12. The Bank filed UCC-1 Financing Statement No. 272153 with the Clerk of the Superior Court of Chatham County, Georgia on September 15,1994.
13. A continuation statement was filed by the Bank on March 17, 1995 with regard to the UCC-1 described in paragraph 12.
14. GC & G executed a second Promissory Note and Security Agreement in favor of the Bank in the amount of $425,577.56 dated October 24, 1997, which was secured by the existing financing statement.
15. The description of collateral appearing on the Bank’s UCC-1 Financing Statement includes all equipment of the Debtor “now or hereafter existing or acquired,” and attached to the Bank’s UCC-1 is a schedule of equipment.

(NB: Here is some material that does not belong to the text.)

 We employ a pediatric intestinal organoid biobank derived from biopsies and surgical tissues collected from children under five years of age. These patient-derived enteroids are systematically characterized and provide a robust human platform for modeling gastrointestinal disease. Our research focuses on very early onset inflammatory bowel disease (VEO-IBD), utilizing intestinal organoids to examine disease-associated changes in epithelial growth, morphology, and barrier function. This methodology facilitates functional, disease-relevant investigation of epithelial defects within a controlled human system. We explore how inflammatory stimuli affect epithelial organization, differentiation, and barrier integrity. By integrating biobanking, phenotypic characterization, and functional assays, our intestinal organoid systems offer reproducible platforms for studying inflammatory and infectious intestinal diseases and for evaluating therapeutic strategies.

16. None of the Equipment is listed on the schedule of equipment attached to the Bank’s UCC-1 Financing Statement.
17. The Bank never had a security interest in any equipment owned by GTC, with the exception of a boat, motor and trailer.
18. Douglas Asphalt Company filed UCC Financing Statement No. 034-1998-2830 on November 20, 1998, in the Office of the Clerk of Superior Court of Coffee County, Georgia.

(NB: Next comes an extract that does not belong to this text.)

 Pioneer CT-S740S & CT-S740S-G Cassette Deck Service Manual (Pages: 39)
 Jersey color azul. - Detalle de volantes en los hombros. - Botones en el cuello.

19. The United States of America filed a Notice of Tax Lien in the amount of $222,094.63, in the Offices of the Clerk of Superior Court of Bryan County and Chat-ham County, Georgia, which were recorded on November 19, 1998 and November 30, 1998, respectively. Any security interest related thereto is subordinate to the security interests held by the Bank and Case.
. Caterpillar Financial Services Corporation, in answer to the Complaint, states that “it claims no interest in any of the items of equipment described in the Complaint and consents to entry of an Order by this Court directing the Clerk of the Superior Court of Chatham County, Georgia, to mark any uncanceled TJCC-1 financing statements filed in the name of CFSC, Canceled.” Douglas Asphalt Company, while responding to the Complaint asking for its dismissal and other relief that is "just and proper” and filing a motion to extend discovery, failed to respond to the motion for summary judgment. The United States of America, in its answer to the complaint on November 15, 1999 prayed for the Court to determine the validity, priority, and extent of the security interest that it held in the property at issue and filed and entry of appearance declaring Henry D. Dixon, Jr. and Lawrence B. Lee as counsel for the United States in this matter, but also failed to respond to the motion for summary judgment. James B. Wessinger, III, Chapter 7 Trustee appeared at a pre-trial conference on December 2, 1999, but made no further appearances and did not respond to this motion, and United States Trustee Jack Berry also failed to appear and respond.